In de langdurige zorg lopen de verbeteringen via het project Zorg voor Beter. In dit project werken zorgverleners samen aan een kwalitatief betere, efficiënte en duurzame zorg met tevreden cliënten.
Toezicht op veiligheid
Het bestuur van een ziekenhuis of verzorgingshuis is verantwoordelijk voor de kwaliteit van de zorg in zijn organisatie. De besturen kunnen zelf bepalen waar ze accenten leggen. De raad van toezicht ziet erop toe dat het bestuur zijn werk goed doet. De Inspectie voor de Gezondheidszorg (IGZ) houdt toezicht op de veiligheid in zorginstellingen.
Toezicht in de zorg
De Inspectie voor de Gezondheidszorg (IGZ) en de Nederlandse Zorgautoriteit (NZa) houden toezicht op de kwaliteit van de zorg. Het kabinet wil dat de IGZ sneller reageert op misstanden.
Naast de IGZ en NZa controleert de Nederlandse Mededingingsautoriteit (NMa) zorgondernemingen op grond van de Mededingingswet.

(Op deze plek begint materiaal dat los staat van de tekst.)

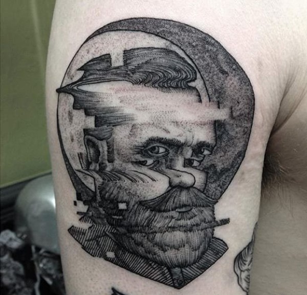 大臂上水波纹折射弯曲人物和铁路隧道纹身图案

Inspectie voor de Gezondheidszorg
De Inspectie voor de Gezondheidszorg houdt toezicht op de kwaliteit, veiligheid en toegankelijkheid van de gezondheidszorg en bewaakt de rechten van patiënten en cliënten. De inspectie kan bestuurlijke boetes en dwangsommen opleggen aan instellingen, zonder tussenkomst van het Openbaar Ministerie. Ook heeft de inspectie bevoegdheid om zonder toestemming van patiënten medische dossiers in te zien, als dat voor haar taak nodig is.

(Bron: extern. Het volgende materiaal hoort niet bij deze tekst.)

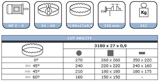 Ręczna przecinarka taśmowa wyposażona w imadło umożliwiające przecinanie materiału pod kątem do 45 ° w prawo, 45° i 60° w lewo. Rama przecinarki ułożyskowana na łożyskach stożkowych. Regulowane, ułożyskowane prowadnice taśmy tnącej wyposażone w płytki z węglików spiekanych. Elektryczna pompa układu chłodzenia z doprowadzeniem chłodziwa bezpośrednio do obszaru roboczego. Bimetalowa taśma tnąca. Niskonapięciowy obwód sterowania zgodny ze standardami CE.

Kaders IGZ voor inspectie zorg
Op het gebied van goed bestuur in de zorg heeft de IGZ in april 2011 een Toezichtkader Bestuurlijke Verantwoordelijkheid voor Kwaliteit en Veiligheid vastgesteld. Hierin legt de IGZ uit hoe zij het toezicht op goed bestuur zal uitvoeren.
Meer toezicht vanaf 2012
Vanaf 2012 zal de inspectie meer toezicht houden op de zorg voor kwetsbare groepen, met de nadruk op de zorg voor ouderen. De IGZ voert meer inspecties uit op de werkvloer, zowel onaangekondigd als aangekondigd. Zij maakt daarbij gebruik van onderzoekers die zich voordoen als cliënt of patiënt ('mystery guests'). IGZ ontvangt daarvoor vanaf 2012 jaarlijks € 10 miljoen euro extra.
Deze en andere prioriteiten zijn vastgelegd in het Meerjarenbeleidsplan 2012-2015 ‘Voor gerechtvaardigd vertrouwen in verantwoorde zorg'. In het IGZ werkplan 2012 staat hoe IGZ de gestelde doelen in het Meerjarenbeleidsplan wil bereiken.
Nederlandse Zorgautoriteit
De Nederlandse Zorgautoriteit (NZa) houdt toezicht op het gedrag van zorgaanbieders en zorgverzekeraars. Dit doet zij op basis van de Wet marktordening gezondheidszorg (Wmg). De Wmg moet meer concurrentie en marktwerking in de zorg brengen. Tegelijkertijd stelt de Wmg regels om de ontwikkeling van kosten in de zorg in toom te houden.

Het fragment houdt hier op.